— Убивать легко. — Созомен вздохнул. — Если мы в последнее время что-либо и узнали, то именно это. Когда ты сможешь возвращать жизнь столь же просто, как отнимаешь, тогда лишение жизни, возможно, еще хоть как-то будет оправдано. А до тех пор? — Он покачал головой. — До тех пор — нет.
— Мы смотрим на вещи по-разному, — сказал Ршава.
— Да, на многое, — согласился патриарх. — Если ты полагаешь, что можешь страхом заставить людей поклоняться темному богу, то я должен сказать: на мой взгляд, ты не прав.
— Я сделал это не ради того, чтобы запугать всех, — возразил Ршава. «Во всяком случае, не все, что я делал…» — Он сказал, что у меня нет силы. Он сказал, что у темного бога нет силы. Он проклял меня. Я проклял его. И вы увидели, какое из проклятий оказалось убедительнее.

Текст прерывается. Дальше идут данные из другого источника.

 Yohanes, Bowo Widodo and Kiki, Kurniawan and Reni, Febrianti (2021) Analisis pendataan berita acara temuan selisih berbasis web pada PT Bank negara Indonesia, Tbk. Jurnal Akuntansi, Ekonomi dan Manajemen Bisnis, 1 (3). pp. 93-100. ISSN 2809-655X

— Нет, пока не увидел. Иногда они срабатывают медленнее, чем кажется поначалу.
— Тогда можете так и считать, пресвятой отец, — примирительно сказал Ршава. — Я жив. Он мертв. И на этом я строю свои выводы.
— Я так и предполагал. — Созомен посмотрел ему в глаза. — Полагаю также, что ты и есть тот священник, который оставил за собой кровавый след на пути от северо-востока к столице. Я молился, чтобы это оказалось не так, но, боюсь, места для сомнений больше не осталось.

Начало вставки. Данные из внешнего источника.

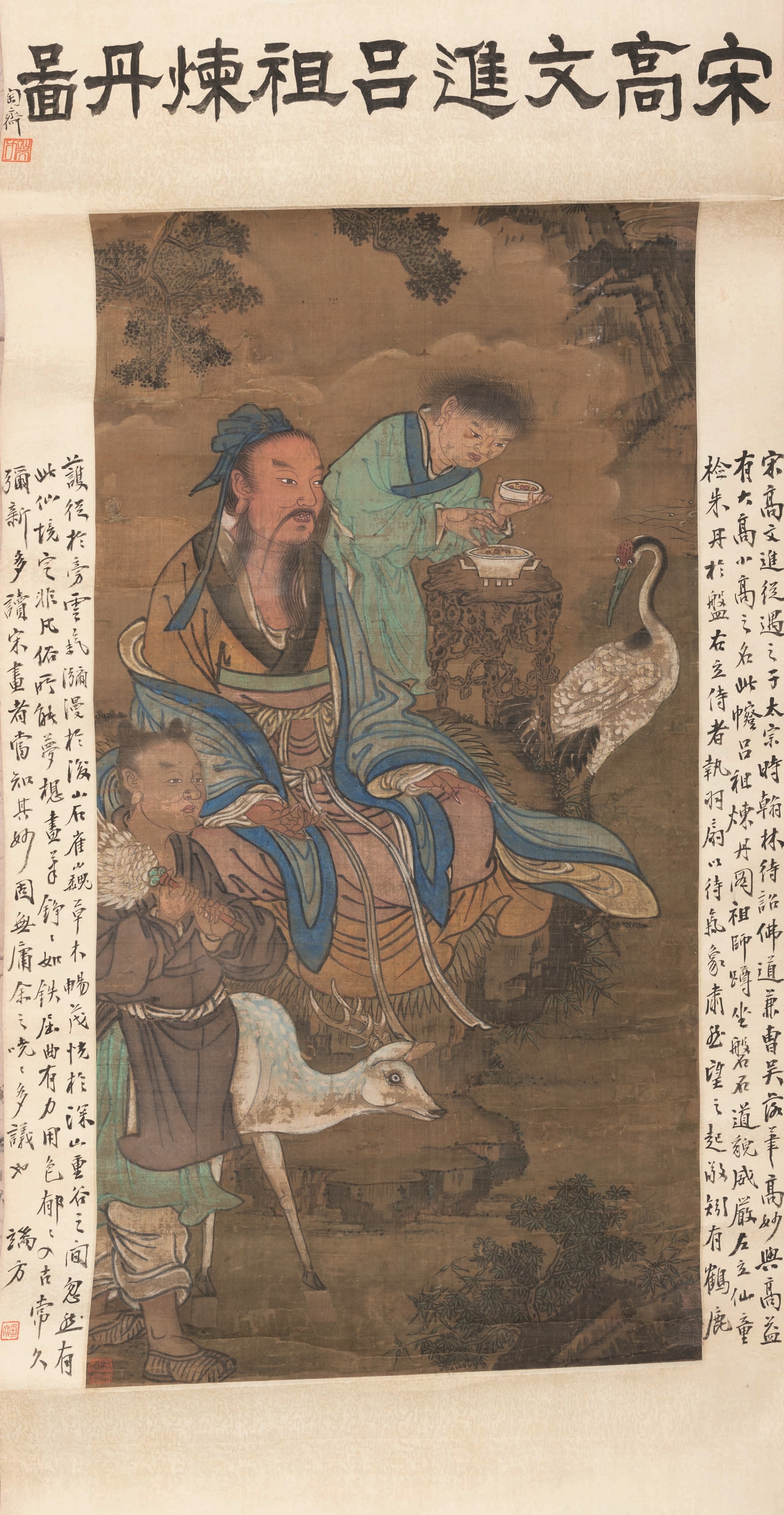 Dipinto su seta raffigurante saggio con discepoli entro paesaggio e iscrizioni, [..]

— Я ничего не признаю, — заявил Ршава. — И не думаю, что ваше предположение можно доказать.
Патриарх еще раз печально вздохнул:
— Как бы я хотел, чтобы ты просто сказал: «Нет, я не тот человек».
Ршаве тоже хотелось так сказать. Он мог произнести это и сейчас, но Созомен ему не поверил бы. Наверное, он не поверил бы, если бы Ршава сказал это и раньше. И прелат ответил:
— Хотел бы я, чтобы жизнь была такой, как нам хочется. И чтобы я не был вынужден прийти к тем выводам, к каким пришел. Но жизнь такая, какая она есть, и я верю в то, во что верю. И я верю, что у меня есть доказательства того, во что я верю.
— Здесь мы с тобой расходимся. Твоими устами говорит темный бог. — Созомен плюнул, отвергая Скотоса, но сделал это едва ли не сконфуженно, словно напоминая Ршаве, что обязан так поступить. — Да, он может говорить твоими устами, но ты всегда должен помнить, что он лжет.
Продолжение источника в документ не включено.